Objective: To explore the genetic variants of exon 5 of peroxisome proliferator activated receptors alpha (PPARα) genes in diabetic patients with and without dyslipidemia and healthy controls to define its genetic contribution to development of diabetic dyslipidemia and its relationship with serum lipid profile. Material and Methods: This was a cross-sectional study conducted in MDL of Army medical college from Jan 2021 to Jan 2022. A total of 90 participants were categorized into 3 groups having 30 members each. Group I, diabetic patients having dyslipidemia, group II. diabetic patients without dyslipidemia and group III of healthy controls.
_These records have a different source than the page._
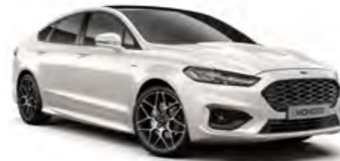
Platin Beyaz zel Metalik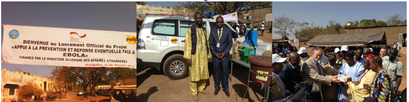
Cérémonie de lancement du Projet « Appui à la prévention et réponse éventuelle face à Ebola » et Remise des lots de matériels de protection contre Ebola par l'ambassadeur d'Allemagne au Mali

La carte ci-dessous renseigne sur la localisation des cas confirmés et probables.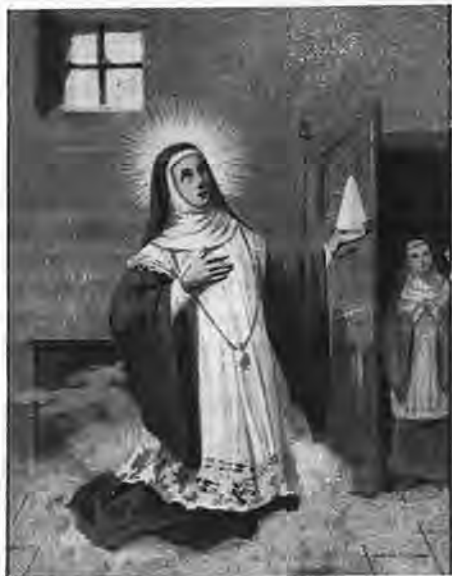
El cielo regala a Catalina Tomás con riquísimo panal de azúcar.

Santa Catalina Tomás, religiosa canonesa de la Orden de San Agustín, nació en Valldemosa, pueblecito de Mallorca (Baleares), a primeros de Mayo de 1531; dando desde su edad más temprana pruebas de la más insigne santidad, y distinguiéndole el Señor con los favores que reserva para quienes trata de llevar a su gloria. Dios le enseñó los caminos del amor, y ella quiso corresponder a las finezas divinas con las fragancias virginales de su casto corazón. Rechazada en uno y otro convento, insistió Catalina en su propósito de nunca tener otro esposo que Jesús, y Este, que se complace de andar y conversar entre lirios, aceptó el generoso ofrecimiento de la inocente Virgen. Se abrieron para ella las puertas del convento de Santa Magdalena el 13 de Noviembre de 1552, comenzando el noviciado el 25 de Enero de 1553 y profesó el 24 de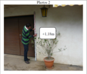
Trace sur la façade à coté de la porte de garage du 41 Ter Grande Rue

SOURCE DE REPÉRAGE : DDT 54 (MAI 2012) - 22/05/2012 Type de repérage : Campagne de terrain post-inondation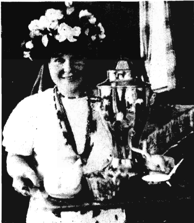
Несколько лет назад в адрес коллектива столовой № 15 было немало нареканий от горняков шахты «Кузнецкая». Но последнее время коллектив перестроил работу, стал качественнее готовить блюда. Неоднократно в столовой № 15 проводились дни национальной кухни. Сейчас горнякам по душе приходятся те национальные блюда, которые готовят повара столовой № 15.

Основное же событие, минувшей недели в ходе обсуждения Устава — конференция рабочих комитетов предприятий города, отчет о которой мы публикуем на второй странице сегодняшнего номера.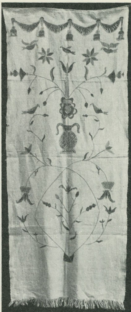
Bild 5. Hängkläde daterat 1806, tillhör den äldsta mycket litet kända traditionen före förnyelsen omkring 1820. Nordiska museet 120,285. — Bild 6. Ett hängkläde av det enklaste slaget, konstillöst tecknat och illa sytt. Zickermans bildverk 6,250.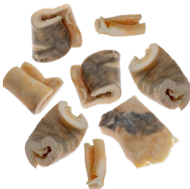
Piel de vaca blanca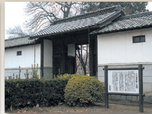
被移筑到八田家屋敷的石和代官所的正门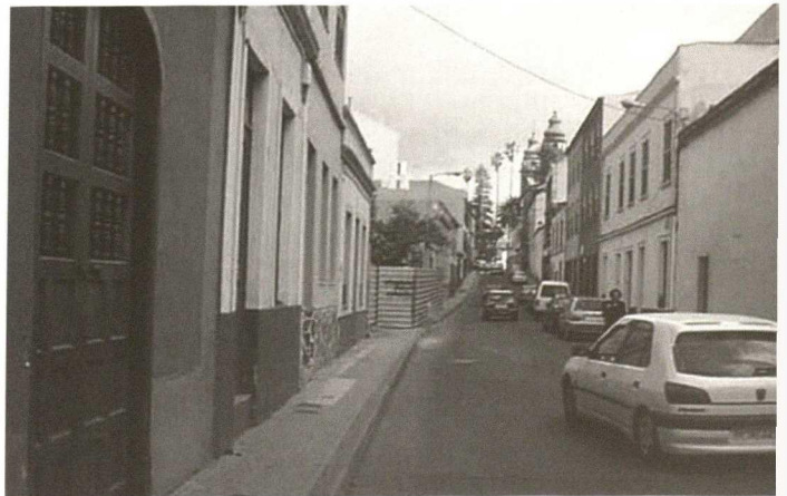
Calle de San Juan (10-03-2002), Antes de modificación de la manzana en el ámbito del Bien Cultural.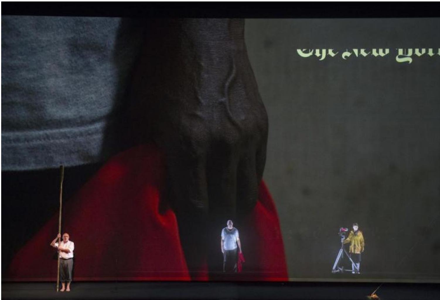
Das FloÃ der Medusa, regia di Romeo Castellucci, Dutch National Opera, ph. Monika Rittershaus.

Possiamo dire che la telecamera di Morte sia connessa a un dispositivo filmico della messa in scena?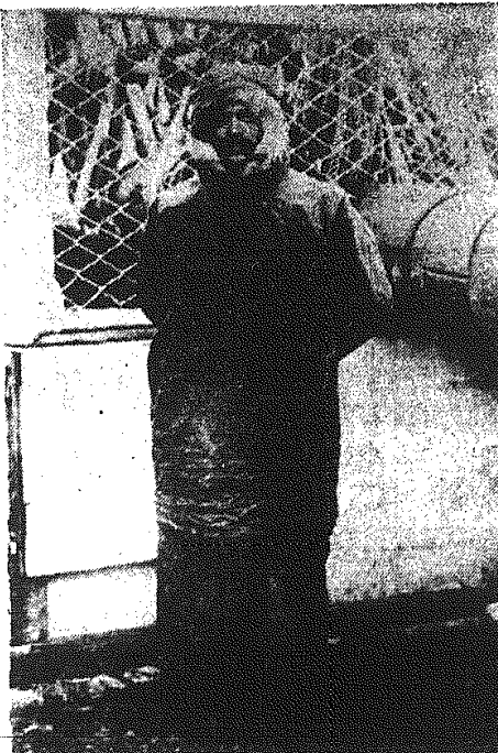
85-letni Olav Bjaaland na pokładzie polarnego statku „Fram”, w drodze na Antarktydę.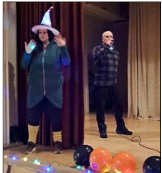
Oik: Paikalla olijat saivat kokea kappaaleen tulkintaa myös viittomakielellä.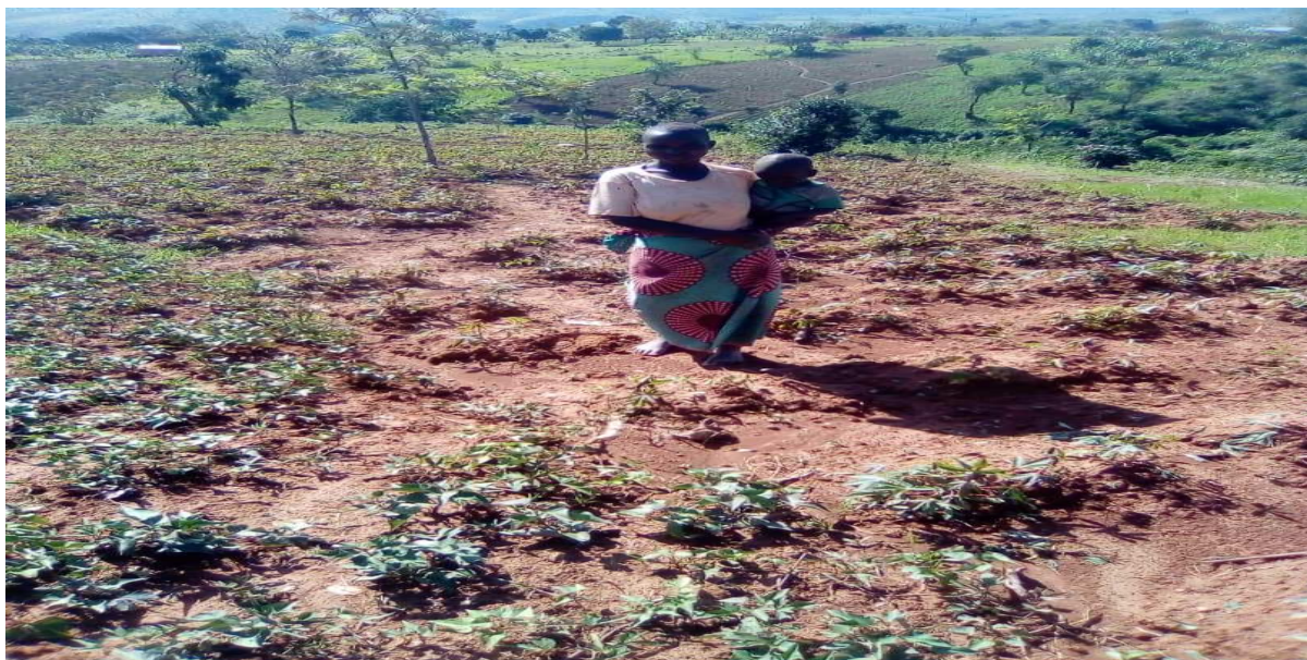
Рисунок 1 – Сельскохозяйственные земли в сельских домохозяйствах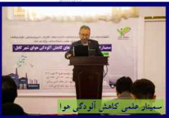
سمینار علمی کاهش آلودگی هوا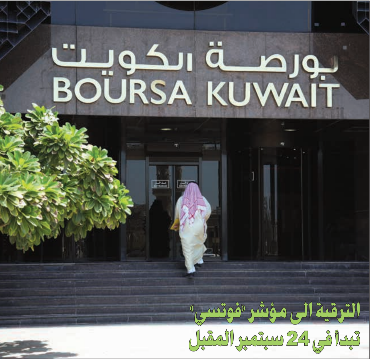
البورصة تستعد لتدفق استثمارات أجنبية كبيرة عقب إعلان القائمة النهائية لاثني عشر سهما كويتيا لإدراجها على مؤشر فوتسي للأسواق الناشئة (زين علام)

استثمارات أجنبية وفي موازاة الترقب لدخول الأسهم في قائمة فوتسي شهدت بورصة الكويت أكبر تدفق شهري للاستثمارات الأجنبية في تاريخها خلال شهر يوليو الماضي، حيث حقق الاستثمار الأجنبي صافي شراء بقيمة 48,4 مليون دينار خلال تعاملات الشهر. ومنذ بداية العام وخلال سبعة أشهر، قام الأجانب بضخ 350 مليون دولار (ما يزيد على 104 ملايين دينار) في الأسهم الكويتية كصافي شراء لتعاملاتهم خلال تلك الفترة وتخطى تلك القيمة إجمالي صافي الاستثمارات الأجنبية التي تدفقت للبورصة خلال السنوات الثلاث الماضية وتقترب بالعام الحالي من أكبر استثمارات سنوية تدفقت للبورصة الكويتية في تاريخها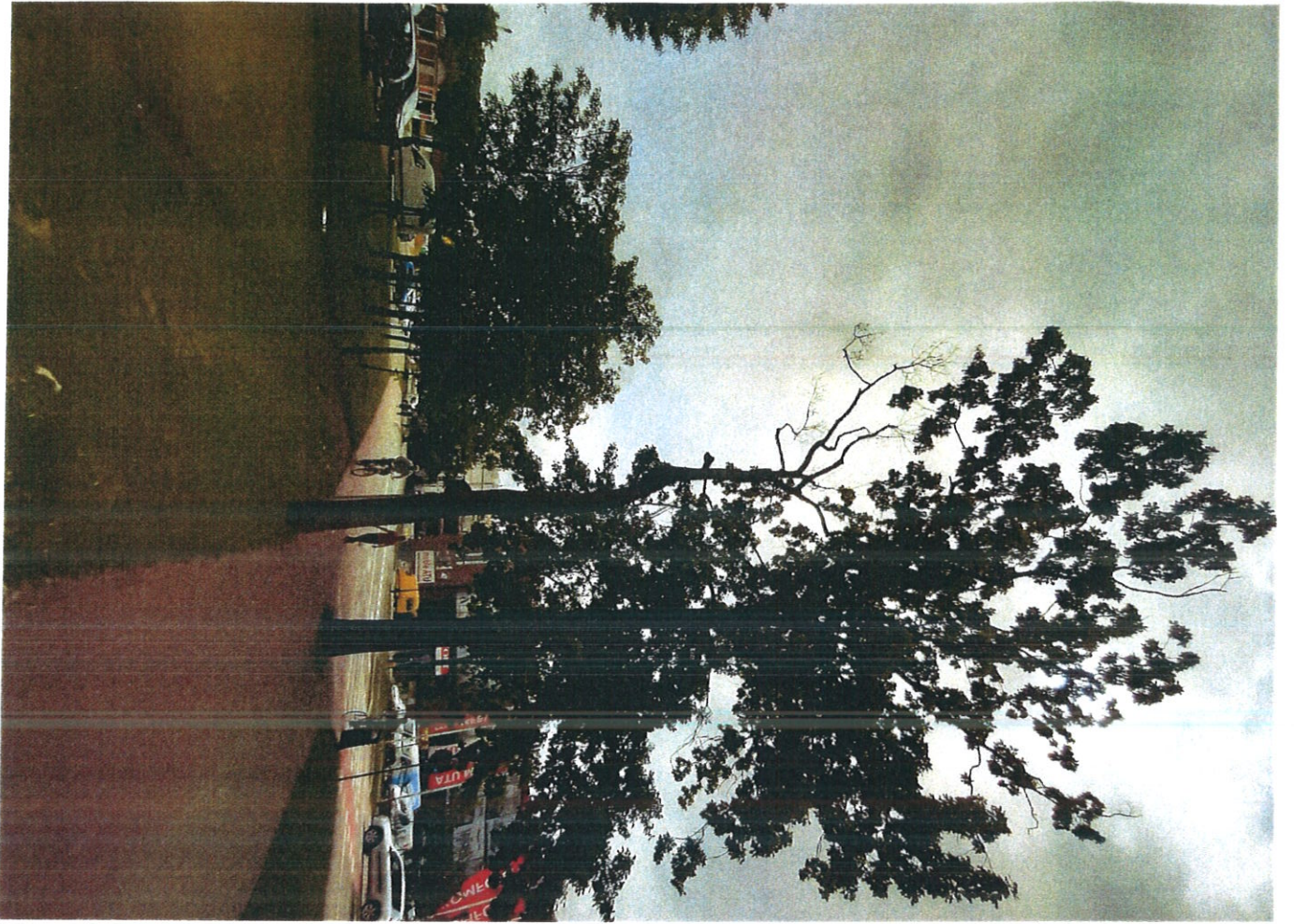
Disicuda m 3055/5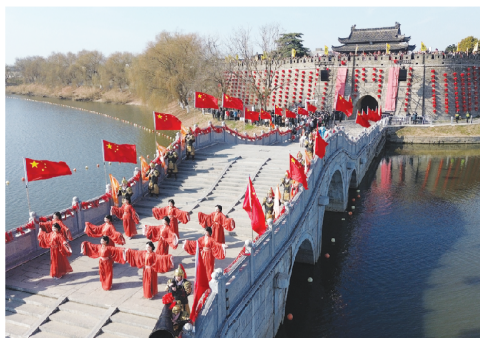
宾阳门（东门）迎宾礼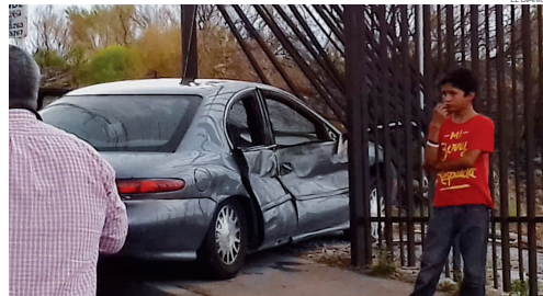
Cuantiosos daños materiales sufrió el vehículo que tripulaba la mujer afectada.

Metros a un lado se encontraba un sedán Mercury LeSabre color gris oscuro, el cual chocó y derribó de su base parte de un barandal metálico propiedad de dicha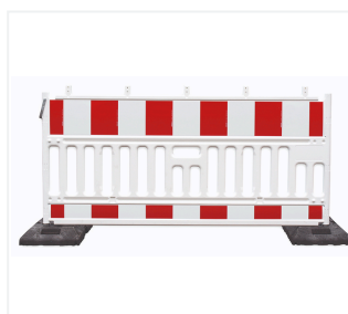
Zapora drogową z kratą w podstawie

070437-3 070437-3-01 071662-1 082650 002090-5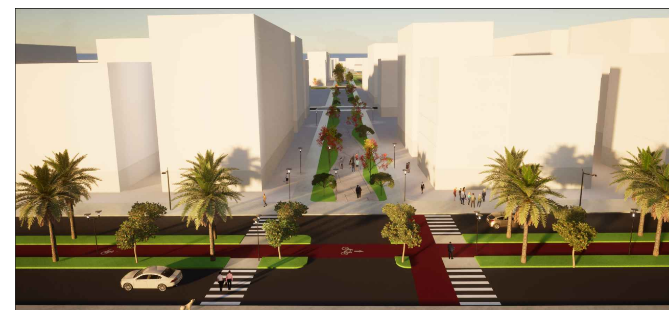
13 - VISTA VIA LOCAL SINUOSA PELA VIA COLETORA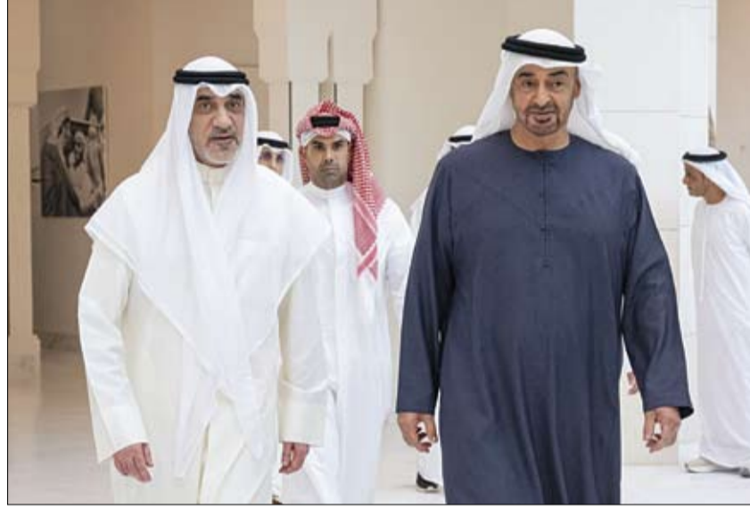
رئيس الدولة خلال استقباله الشيخ فهد يوسف سعود الصباح

تلقت صاحب السمو الشيخ محمد بن زايد آل نهيان رئيس الدولة حفظه الله، رسالة خطية من فخامة الدكتور محمد مويزو رئيس جمهورية المالديف تتصل بالعلاقات الثنائية بين البلدين. تسلم الرسالة، سمو الشيخ عبدالله بن زايد آل نهيان نائب رئيس مجلس الوزراء وزير الخارجية، لدى استقباله في أبوظبي، معالي موسى زمير وزير خارجية جمهورية المالديف. وجرى خلال اللقاء بحث العلاقات الثنائية بين البلدين وسبل تعزيزها، إضافة إلى مناقشة عدد من القضايا ذات الاهتمام المشترك. (التفاصيل ص2)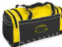
LEYTON ELITE BAG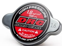
ラジエターキャップ寸法図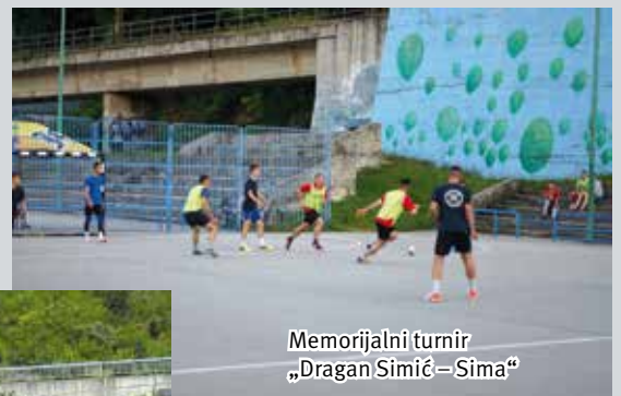
Memorijalni turnir „Dragan Simić – Sima“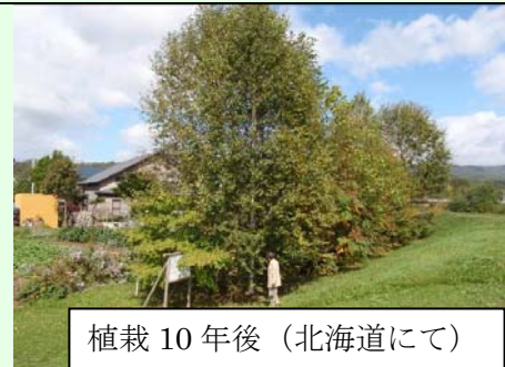
シラカンバは 10m を越え、その下では将来の主役となるミズナラが育っている。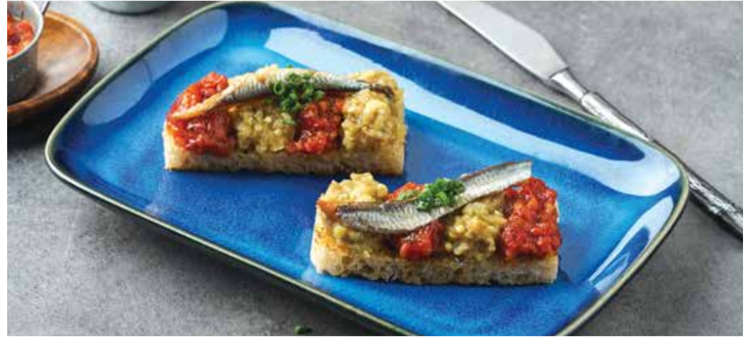
ESCALIVADA WITH SMOKED SPANISH ANCHOVY 290THB

Toasted Sourdough Bread with Grated Tomatoes, drizzled with Extra Virgin Olive Oil and Salt Flakes.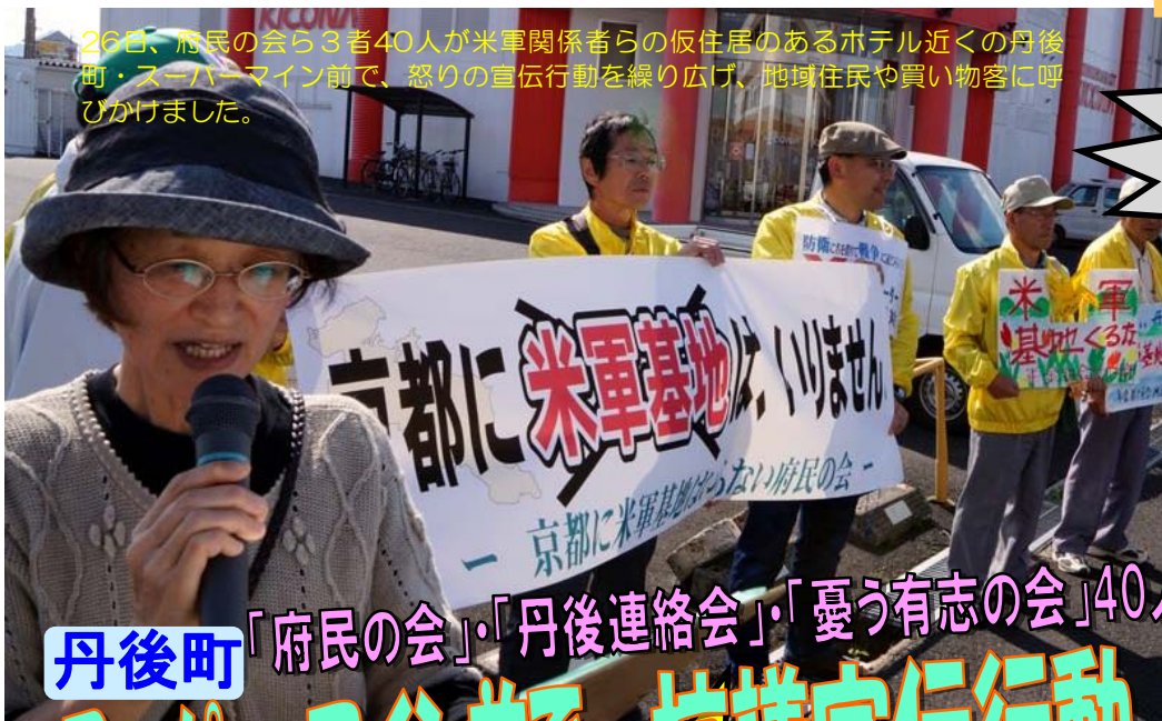
丹後町「府民の会」・「丹後連絡会」・「憂う有志の会」40人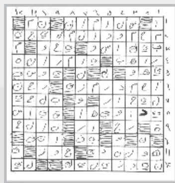
حل العدد السابق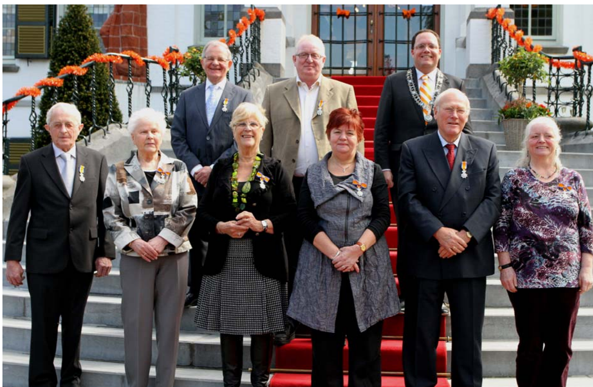
Uitreiking Lintjesregen 2012 - Gemeente Vught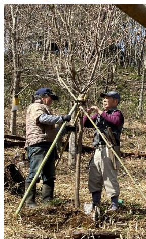
↑河津桜の植樹 ←枝垂桜の植樹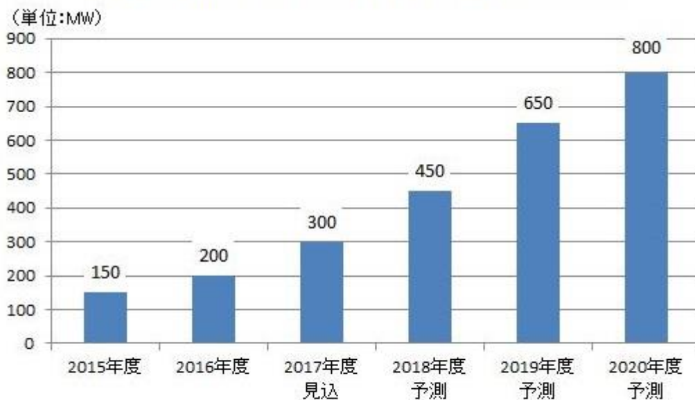
太陽光発電所セカンダリー市場推移と予測 (2018年5月公表)

昨今、新たな取引市場として、既に稼働している太陽光発電所の売買「太陽光発電所セカンダリー市場」が形成されております。市場調査会社の株式会社矢野経済研究所によると、太陽光発電所セカンダリー市場の市場規模(当該年度に取引されたあるいは取引される予定の稼働済み太陽光発電所の発電出力ベース)は、将来の展望として2018年度の市場規模は450MW、2019年度は650MW、2020年度は800MWまで拡大すると予測しております。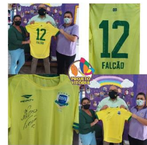
DOAÇÃO DE UMA CAMISETA DA SELEÇÃO BRASILEIRA

DNA template obtained from blood was amplified by PCR. After purification and sequencing PCR, sequencing was performed and analysis done by BIOEDIT software. Demographic along with clinical data was also collected and analyzed by SPSS version 22. Results: No significant mutation was found in the concerned exon of PPARα gene during the study in all three groups. Mean HDL-c (high density lipoprotein) was found to be significantly lower than that of controls. Mean total cholesterol, triglyceride (TG) and serum LDL-c values of group 1 & 2 were found significantly elevated than that of controls. Conclusion: Absence of any variant of this exon in our study suggests the involvement of other exons of PPARα gene to be the causative factors for the development of disorders in metabolic pathways. The levels of total cholesterol, TG, LDL-c and HDL-C are perturbed significantly among diabetic dyslipidemic patients as compared to diabetic non-dyslipidemic patients and normal healthy controls.